So I worked my way through a tiny house filled with girls, some of them dressed up and holding gift bottles of wine. Well, this is probably a waste, I thought to myself, regretting the choice of sweaty running clothes amidst all the yuppies in their post-work wear. There were at least seven people on a patio that comfortably fits four. There was a white couch with one seat open. I looked at it, and the girl sitting there offered me the seat. That was Kristen.



Kristen was wearing the equivalent of (purple) Soffe shorts and a yellow-ish spaghetti tank top. It was a hot and sweaty night in September. She was drinking cheap beer. She later informed me that other Sarah had made her change from a less acceptable outfit into this one. She argues that her future roommates needed to know what she’d actually look like when living with her — valid.

“Nice,” I said, pointing to the beer.

“I teach 7th graders,” she replied. I think I made a joke about how she should probably double fist with another beer. We hit it off, and I told her that I wanted to meet the other roommates that lived there. She mentioned one of them still being at work, and the other, well, he apparently made pancakes every day at 2 PM (more true than I’d like to remember).

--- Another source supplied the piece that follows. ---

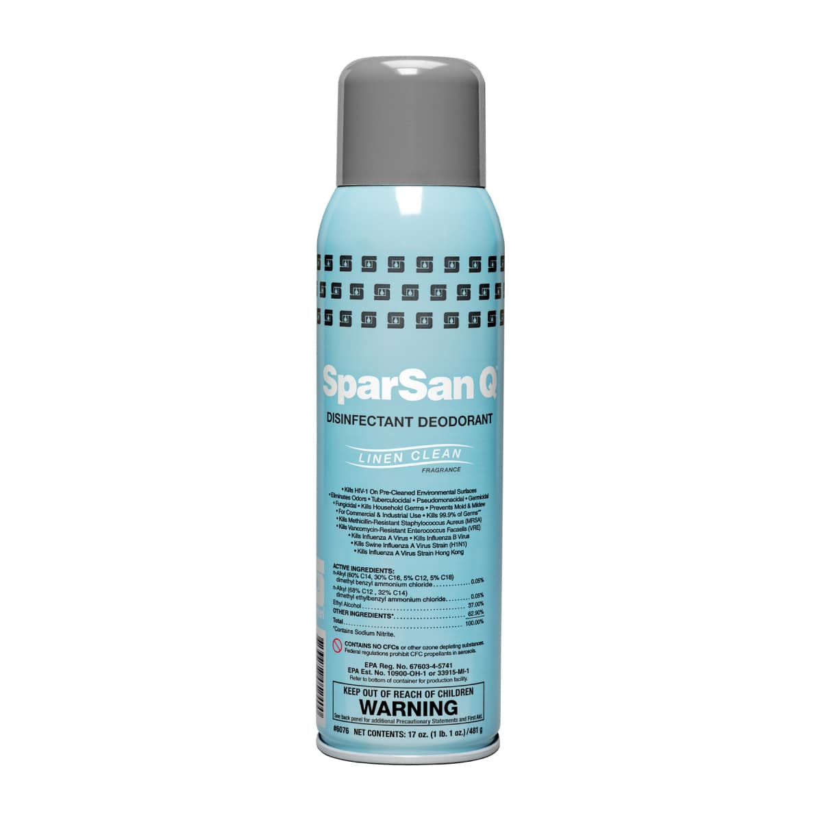 SparSan Q Disinfectant Deodorant is a versatile, ready-to-use aerosol disinfectant deodorant. It is ideal for convenient disinfection after spot clean up, and for those areas not easily reached during routine disinfection procedures. Prevents mold and mildew on environmental surfaces in public places. Meets EPA Efficacy Standards for hospital aerosol disinfectants.

So I eventually worked my way through the house, met the boys (and even asked which one of them made pancakes on the reg). I made friends with the other girls there, mostly under the assumption that no one I met would have been offered the room. After all, you have to form allies. I needed a place to live. As I walked down the steps of the house, a few of the girls and I exchanged phone numbers. The companionship in such a competitive situation was more comforting than I expected.

I took the train back to Arlington, where I was staying, and decided to grab a cheap dinner at the Pentagon City mall on my way home. They had wifi, so I figured I could check Craigslist for any housing postings that I hadn’t written to yet (I’m pretty good at the numbers game). And right when I sat down with my three-dollar slice of pizza and opened my computer, the email from Sarah was there — I got the room. I had a home!

Without even thinking about it, I accepted. And moved in a week or two later. It was a good year-and-a-half run in that house — I started this blog, and Kristen was part of the core group that encouraged it. Hopefully, you’ll be reading a guest post from her sometime soon (I’ve been trying to get her to write about these tostadas for six months).

Now, she has her own apartment, and hands-down, the cutest cat in the world. Last winter, she made this dish for brunch one morning — years later, she decided to pick up cooking. It made me so. happy.

This is the result of a brilliantly creative, DGAF mind who randomly decides to pick up cooking. She made this up on the fly. I’ve attempted to recreate the recipe below.






Simple Chicken Tostadas, a la Go Team Kristen (makes 6 tostadas)

8 corn tortillas (6 for tostadas, 2 to slice into strips for garnish)
1 can refried beans
2 jalapenos, diced
2 or 3 chicken breasts, cut into 1-inch pieces
3 to 5 green onions, depending on how much you adore green onions
A handful of chopped red cabbage
Vegetable oil
Balsamic vinegar
Salt and pepper
Shredded cheese, jack or cheddar
Sour cream
1 Avocado, sliced
1 lime, sliced

This dish requires a sink full of dishes, but it’s well worth it.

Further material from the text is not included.